Valneva scores $42M supply contract with DOD

Valneva currently markets Ixiaro, a Japanese encephalitis vaccine, and Dukoral, the cholera vaccine it acquired from Johnson & Johnson ($JNJ) in 2015. Now, the Lyon, France-based vaccine maker is building on its relationship with the U.S. Department of Defense with a $42 million supply contract for Ixiaro that will significantly boost the small company's revenues.

Under the terms of the agreement, Valneva will supply Ixiaro doses to the Defense Logistics Agency of the DOD over a two-year period, the company said in a statement Wednesday. It expects to make the first deliveries within the coming weeks. The DOD has been using Valneva's jab to protect its personnel in endemic countries since 2010.

Valneva, which will announce full-year results for fiscal 2015 next week, netted about €42 million ($47 million) in revenues in fiscal 2014. Of that, €28.1 million ($31.2 million) was generated by the Japanese encephalitis vaccine.

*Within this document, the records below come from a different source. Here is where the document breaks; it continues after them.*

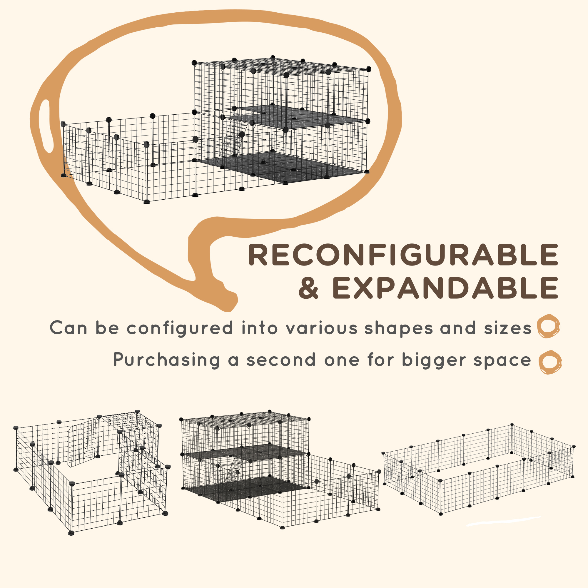 - This small animal playpen can be configured into various shapes and can be bigger by purchasing a second cage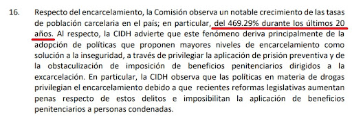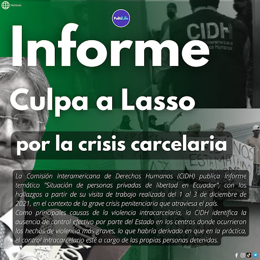 La CIDH presentó un informe sobre la situación de los presos en Ecuador la semana pasada y en su explicación de los factores de la crisis penitenciaria aseguró que una de las causas es el incremento de la población carcelaria en un 469,29% en los últimos 20 años, y no dice que es responsabilidad de la actual gestión de Guillermo Lasso, que lleva 9 meses y 27 días en el poder.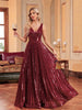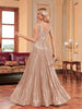 Champagne Sequins Deep V-neck Prom Dress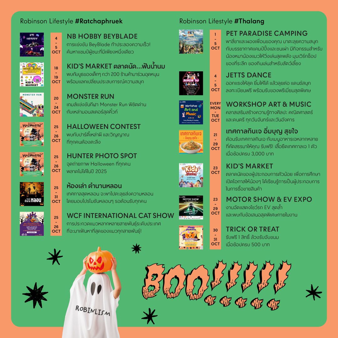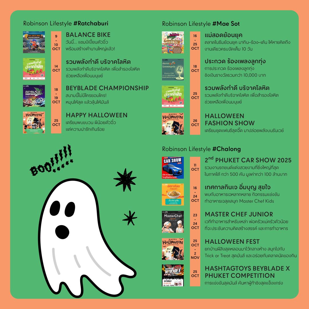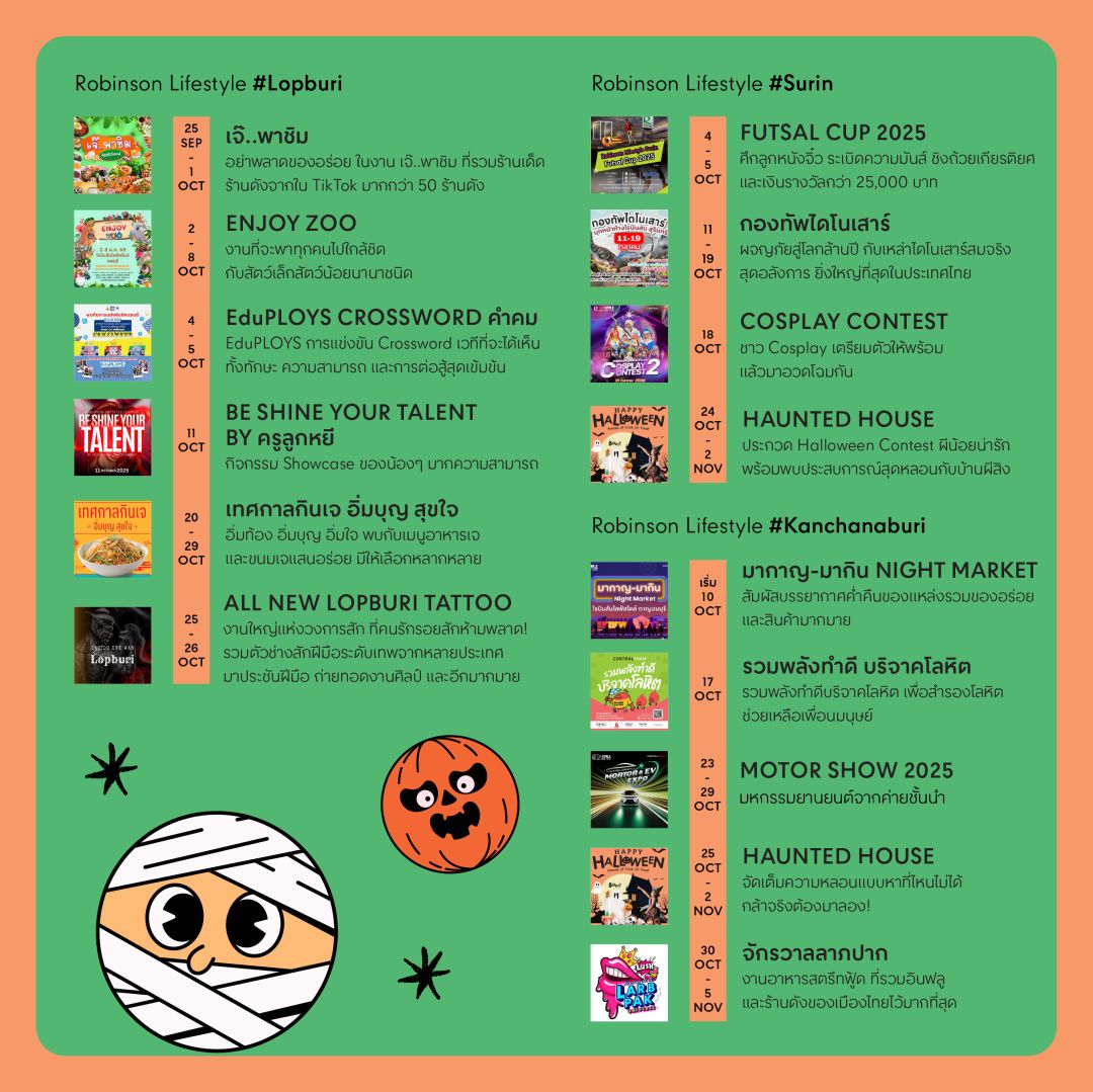 โรบินสันไลฟ์สไตล์ ฉลอง วันที่ 25 ต.ค. 68 – 2 พ.ย. 68 ท้าความกล้าใน “HALLOWEEN FEST” ที่ยกบ้านผีสิงสุดหลอนมาไว้กลางศูนย์การค้าฯ พร้อมสนุกกับกิจกรรม Trick or Treat และอิ่มอร่อยไปกับตลาดนัดของกินในบรรยากาศฮาโลวีนแบบจัดเต็ม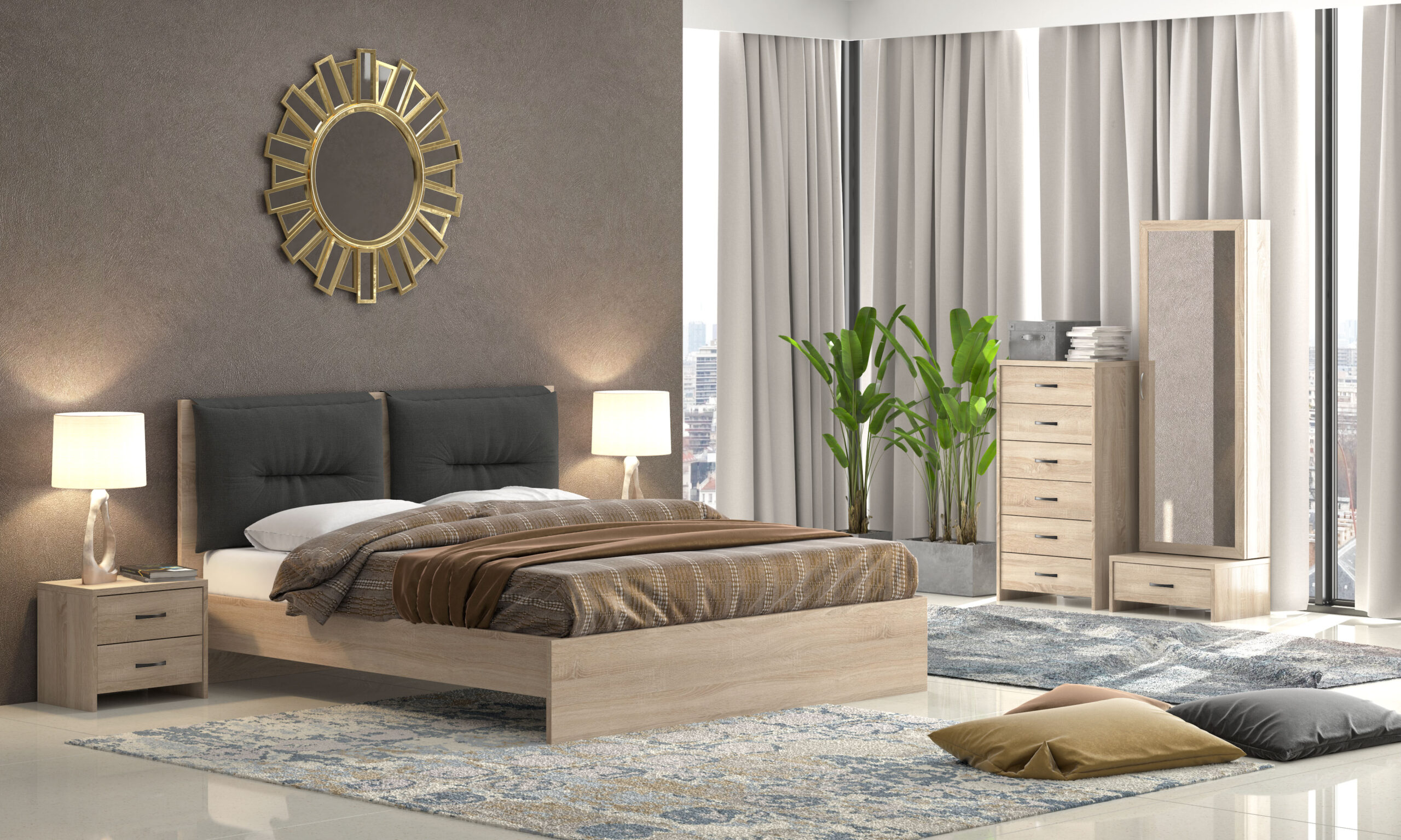 Σετ κρεβατοκάμαρα αποτελούμενη απο κρεβάτι με μαξιλάρα στο κεφαλάρι, 2 κομοδίνα με 2 συρτάρια,τουαλέτα και καθρέφτη.
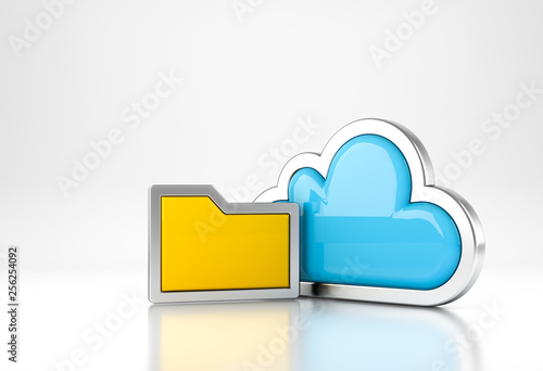 Cloud Computing internet Symbol concept with folder icon on white background. 3D rendering.
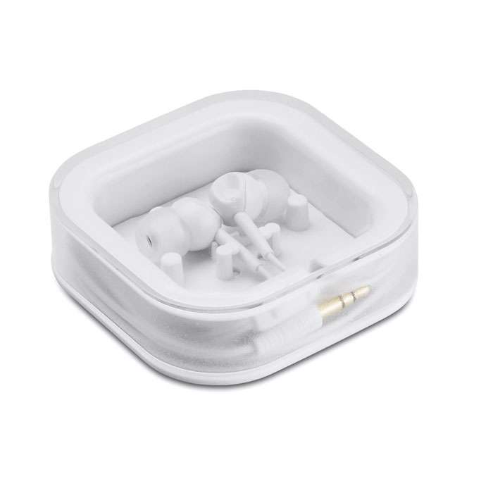 Auricolari in silicone con 2 ricambi. In confezione di plastica e cavo da 120 cm.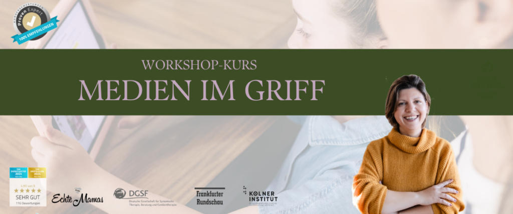 Wie auch du die Medienzeit deines Kindes entspannt gestalten kannst, zeige ich dir im Workshop-Kurs „Medienzeit gestalten. Mit praktischen Alltagsbeispielen und hilfreichen Strategien erhältst du die Klarheit und Sicherheit, die du für einen harmonischen Umgang mit Medien brauchst.

The Valneva deal draws parallels to Bavarian Nordic, which, in fiscal 2014, finally had its first full-year profit in 5 years, thanks to a U.S. government contract. Most of its revenue for that year came from supplying its smallpox vaccine to the U.S. Strategic National Stockpile.

Meanwhile, Valneva's pipeline includes vaccine candidates for hospital-acquired infections and Lyme disease as well as one for C. difficile, on which it is collaborating with GlaxoSmithKline ($GSK). It has also partnered with Glaxo to develop flu vaccines using its EB66 cell line, adding to the 7 deals it struck in 2015 for vaccine makers to use the platform.